I know this is difficult to understand, but you are actually training your dog to be a picky eater. When he doesn't eat it all, you add tasty tidbits, so you have taught him that if he waits, he'll get something extra. Or if he doesn't eat his food at all, you will change it. I agree with Maggie that the feeding instructions on the dog food packages are on the high side. So, I don't worry about that. If my dog consistently leaves food in his dish, I lower the amount. For the free feeding, I also agree with Maggie. And my other dogs after my dobe were on scheduled meal times. I suggest just put the food down, pick it up after 20 minutes and don't worry if it is all eaten or not. Do not add anything extra after you have put the food down. Since your dog doesn't seem to be hungry in the morning, I suggest you skip that meal - feed him at noon and in the evening. If you have difficulty with that because dogs can really play the meal game, then I suggest you consider free feeding. Like you said, you will just put the daily amount in his bowl and that is it. My dobe was an adult and she had been on free feeding. She was used to that and didn't do well, she had digestive issues when I tried to change to scheduled mealtimes, so I kept her on the free feeding. She did maintain a healthy weight and did do well on it.


----------



## Sunflowers (Feb 17, 2012)

I don't mind adding tasty tidbits. 
Just today I topped Hans's food with nori, and he loved it. 
I think variety=nutrition. A little topper won't hurt, in my opinion. I would hate to have to eat the same ol' dry nuggets every day of my life, and I think dogs feel the same, but that's just me.


----------



## roxmysox999 (Mar 30, 2013)

Sunflowers said:


> I don't mind adding tasty tidbits.
> Just today I topped Hans's food with nori, and he loved it.
> I think variety=nutrition. A little topper won't hurt, in my opinion. I would hate to have to eat the same ol' dry nuggets every day of my life, and I think dogs feel the same, but that's just me.


I have been topping his food with his steak or chicken treats. Or I've also used teaspoon of peanut butter. So far he's he ate all his meals right away. I'm thinking about continuing to top his food as I agree with your point.

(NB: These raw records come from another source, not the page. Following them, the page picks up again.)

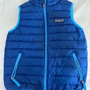 Blue puffer vest by Patagonia. Ideal for outdoor adventures.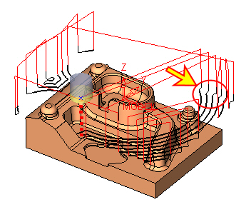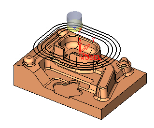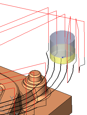 Note that now Cimatron hides the trace of the passes. The tool proceeds and hides the previous pass that it just left.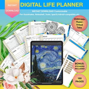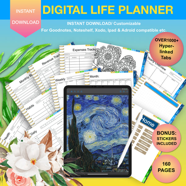 Vincent Van Gogh Starry Night Undated Digital Life Planner/ GoodNotes, Xodo, Digital Journal, iPad Planner, tablet Planner Digital Planner Stickers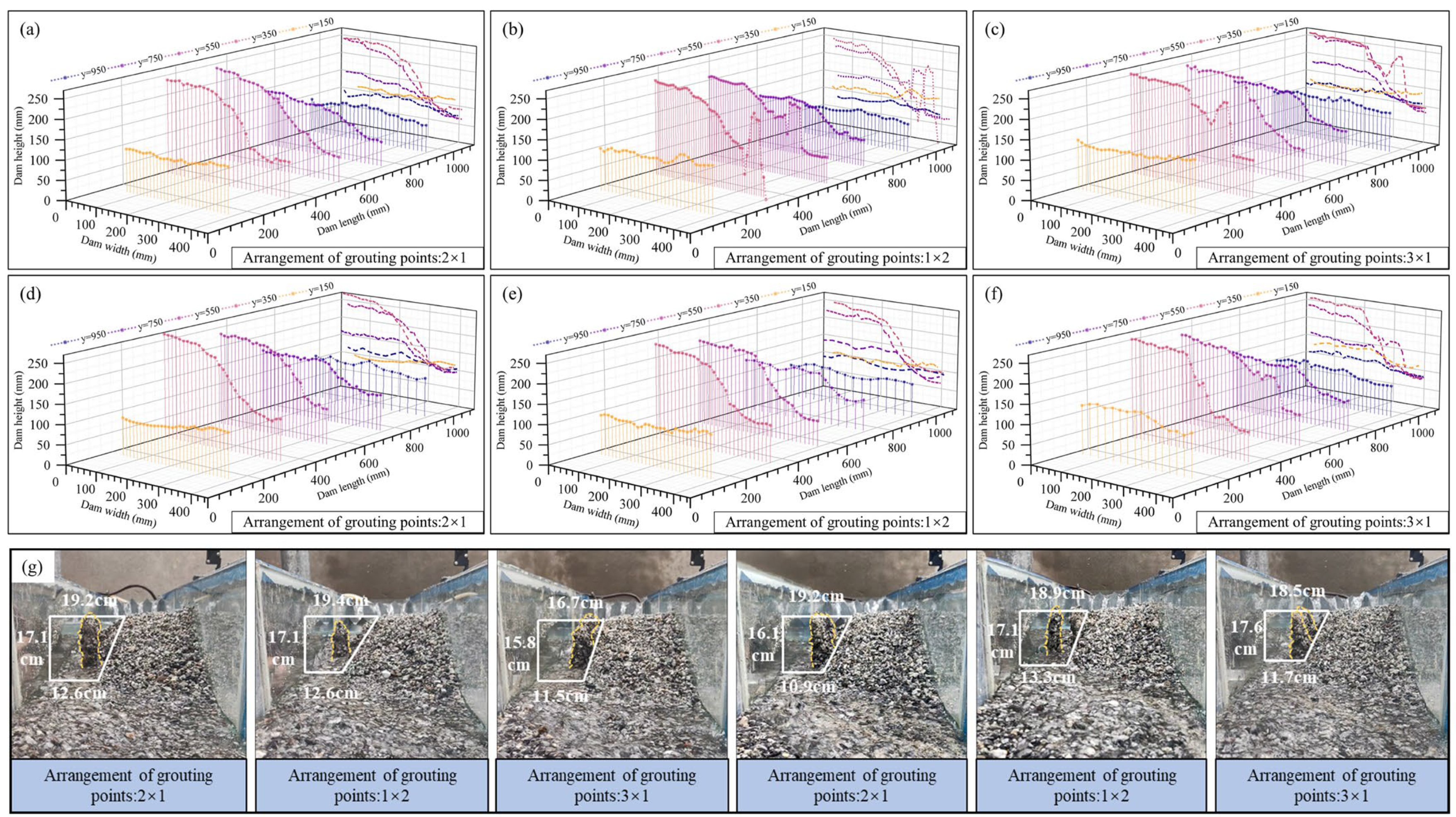 4.3. Influence of Grouting Parameters on the Effectiveness of Flow Control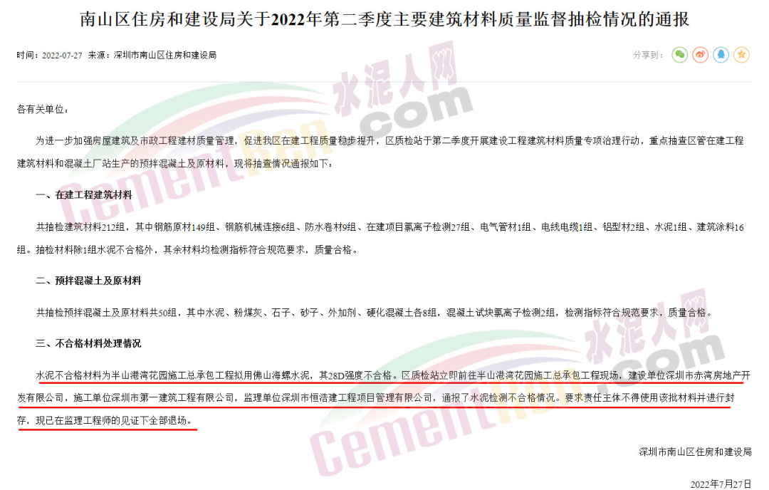 水泥不合格材料為半山港灣花園施工總承包工程擬用佛山海螺水泥,其28D強(qiáng)度不合格。區(qū)質(zhì)檢站立即前往半山港灣花園施工總承包工程現(xiàn)場(chǎng),建設(shè)單位深圳市赤灣房地產(chǎn)開發(fā)有限公司,施工單位深圳市第一建筑工程有限公司,監(jiān)理單位深圳市恒浩建工程項(xiàng)目管理有限公司,通報(bào)了水泥檢測(cè)不合格情況。要求責(zé)任主體不得使用該批材料并進(jìn)行封存,現(xiàn)已在監(jiān)理工程師的見證下全部退場(chǎng)。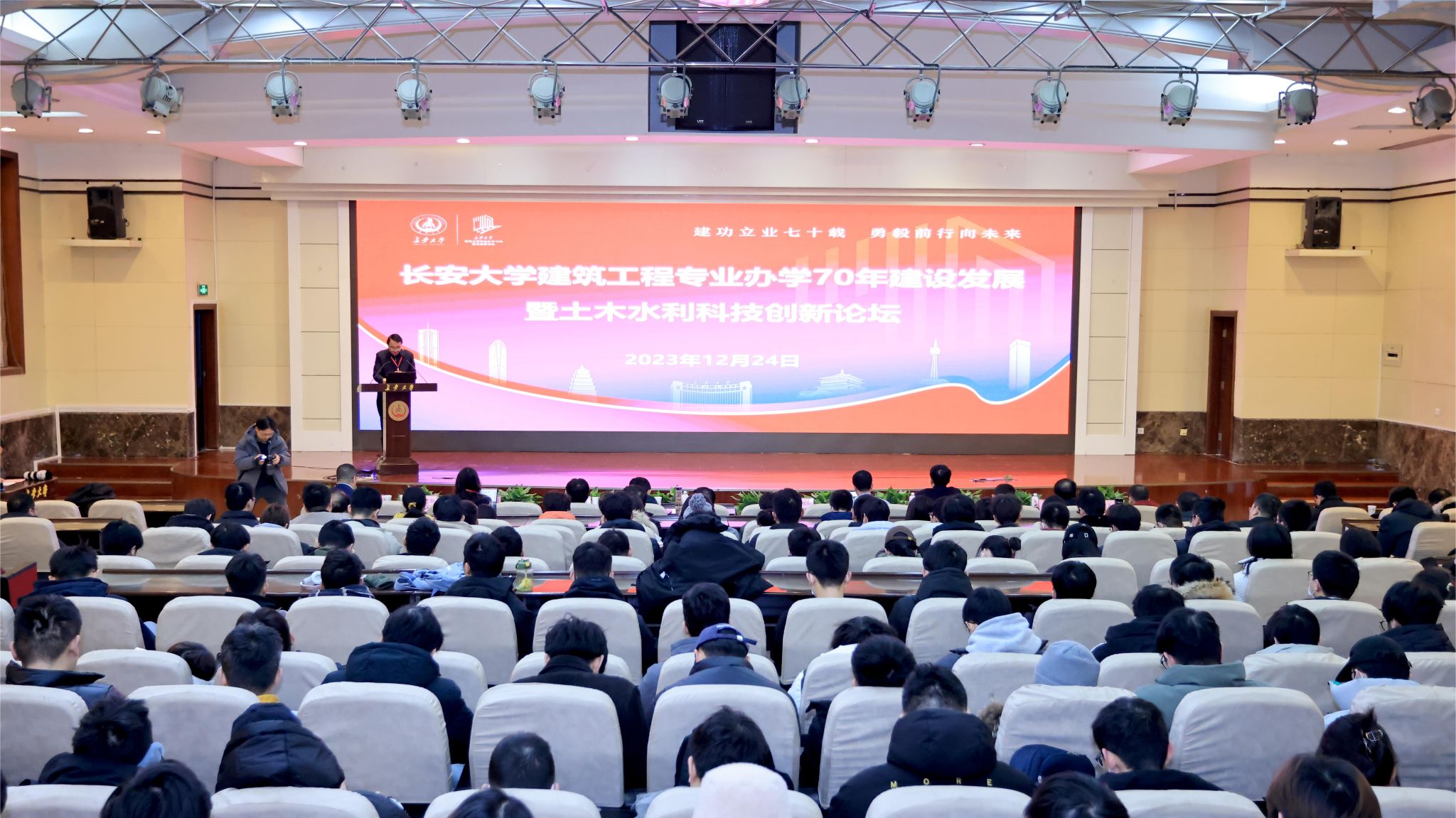 12月24日上午,長安大學建筑工程專業辦學70年暨土木水利科技創新論壇在南校區學術交流中心報告廳舉行。校黨委副書記、紀委書記陶繼東出席論壇。青島理工大學副校長金祖權教授、重慶大學鋼結構工程研究中心副主任劉界鵬教授、中國建筑科學研究院有限公司陳凱研究員、中冶建筑研究總院有限公司榮華教授級高工、西安建筑科技大學陳榮教授、西安理工大學郭鵬程教授、中南大學國巍教授、長安大學羅彥斌教授,及學校師生近300人參加論壇。論壇由建筑工程學院邢國華教授和重慶大學劉界鵬教授主持。

Does anyone have an negative advice or caution about topping a dogs food with something yummy?


----------



## skier16 (Feb 21, 2013)

if you always top his food with goodies of course he is not going to want to eat his food plain and will likely leave it until you put something more on it. Mary Beth is right your CREATING a picky eater. its fine to give your dog some nice toppings but if you do it every time he will never eat it plain.


----------



## roxmysox999 (Mar 30, 2013)

So I have been topping his food for the last few days. Sadly, yesterday morning I topped his food and he only ate half of it. I took it away after 20 minutes. I decided not to top his food anymore. Dinner he ate maybe 1/4 of a cup and today he only ate 1/4 of a cup. I took the food away after 20 minutes. I'm worried as he is not eating even close to enough food. Should I keep holding out? Btw I have stopped treating during walks, etc so he doesn't hold out for the treats.


----------



## Mary Beth (Apr 17, 2010)

Yes - he is not very hungry and also he is testing you to see if you will give in and try to tempt him to eat with some goodies. The way I see it, is sure it's fine to put something extra but what creates a picky eater is when the dog doesn't eat and the human adds something to this food - the dog thinks, "great, I'll hold out and get something better" - then when the human adds the extra, the dogs thinks "well, I think I want something different" and it becomes a good game for the dog to play. The dog then learns to hold out longer and longer to get something better. The human worries the dog will starve or become too thin, so tempts the dog with extras or changes food. The dog then learns that the longer he holds out, the better the meal.


----------



## roxmysox999 (Mar 30, 2013)

Mary Beth said:


> Yes - he is not very hungry and also he is testing you to see if you will give in and try to tempt him to eat with some goodies. The way I see it, is sure it's fine to put something extra but what creates a picky eater is when the dog doesn't eat and the human adds something to this food - the dog thinks, "great, I'll hold out and get something better" - then when the human adds the extra, the dogs thinks "well, I think I want something different" and it becomes a good game for the dog to play. The dog then learns to hold out longer and longer to get something better. The human worries the dog will starve or become too thin, so tempts the dog with extras or changes food. The dog then learns that the longer he holds out, the better the meal.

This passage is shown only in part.